Hurunui Hut - Locke Stream Hut
Today I finally came to a realisation that would shape the way I hike in the future. Coming out of Hurunui Hut, I felt a desperate need to be by myself. Any noise at all rang in my ears, I felt completely listless despite having had breakfast and a snack, I’d been gaining weight instead of losing it since St Arnaud, my body felt so heavy instead of fit. Objectively speaking, the sunrise was lovely, golden valleys and the lot. But I just wanted to cry. After an hour of walking in a dark beech forest, air so humid you could cut it out in squares, brushing off a dozen spiderwebs (downside to being the first hiker of the day), I stopped in the middle of the path and cried. I’m normally an extremely wet crier, after the first sob the floodgates just open. But now I cried like a whiny baby, hardly pressing out a single tear but dry sobbing in frustration.

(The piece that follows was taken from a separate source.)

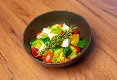 270/30 г • салат, огурец, перец сладкий, томаты Чери, сыр рассольный, оливки, маслины, заправка для Греческого/salad, cucumber, sweet pepper, Cherry tomatoes, pickled cheese, olives, olives, dressing for Greek

I wasn’t hungry or unfit. I was tired. Every night I was constantly kept awake by noises or discomforts. I was a parent of this newborn trail, and it was messing me up bigtime. I had been overeating to compensate for my low energy when I should just have been sleeping more. Now I sat quietly pondering this new realisation while Toby took a dip in the hot springs (I was too freaked out by the amoeba warning sign, my brain was fried enough already without microorganisms invading it). What could I do? Sleep longer in the mornings, I guess. Nap during lunch. But other than that… there was nothing to do but get on with it. But precious sleep! Never before had I realised what a precrious commodity sleep was, neither the body nor the mined can repair themselves without it. Every hill now felt like an insurmountable Everest, my feet felt like lead and my head was filled with cotton. We’d been on the trail now for almost a month. My clothes stank no matter what, energy bars were slowly losing their appeal, and my feet were slowly growing wider under the packweight.

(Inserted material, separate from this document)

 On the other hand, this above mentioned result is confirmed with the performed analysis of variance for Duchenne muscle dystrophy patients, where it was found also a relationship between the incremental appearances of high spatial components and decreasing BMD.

Around lunchtime (even though we’d technically had our lunch already in the spacious Hurunui No 3 Hut), after crossing an iconic slackline bridge, the trail crept upwards through golden beech forest alongside Hurunui River. We took off our packs and sank into the shallow pools in silence. I washed all my clothes and laid them out to dry in the sun. Ate the remaining chunks of Whittaker chocolate. Sat on a white stone in the pale sunlight, hugging my chunky legs and looked north towards where we’d come from. Today my legs had carried me 500 km from Ship Cove. 504 to be exact. I thought back to the Richmond Ranges and Nelson Lakes, spectacular vistas and cozy evenings with Team Swiss and freeze dried Coq au vin. For an hour we sat pondering, Toby offering massaged to lift my spirits. This stretch just wasn’t for me. To this day I don’t quite know what it was about this week, but the colour just seemed drained from the landscape somehow. Nature that should have been beautiful seemed lacklustre. Adventurous scrambles were just annoying. Even the sun seemed to shine with less gusto.
We crawled up an overgrown trail towards Harper Pass, the only real point of altitude on the whole stretch. White rocks lay strewn in the river, you could easily forego an ankle here - thank goodness for trekking poles. Harper Pass itself was underwhelming, covered in scrub below the treeline. I peed in the bushes and we marched on. The way down was a hot mess of trickling water and mud, loose rocks and an incredibly steep path. It was so humid inside the forest that we were dripping.
Through a gap in the trees we could see miles ahead into the lush Harper Valley where we would camp for the night and follow the riverbed tomorrow. Once down at the valley floor, we had a near-death experience trying to slide down the dried-out banks of the now tiny river. Our camp for the day seemed to float just ahead for hours. Locke Stream Hut was pretty much what our navigation app described: in its original state. It was a huge red hut, but built with a corrugated iron roof and the floors were cracking. Sandflies were swarming inside, the heat was stifling, and we quickly escaped to the grassy banks of the river. We couldn’t be bothered to make dinner or set up two tents, so we both squeezed into Toby’s tarptent for what would become a very moist night. Don’t camp next to rivers, duly noted.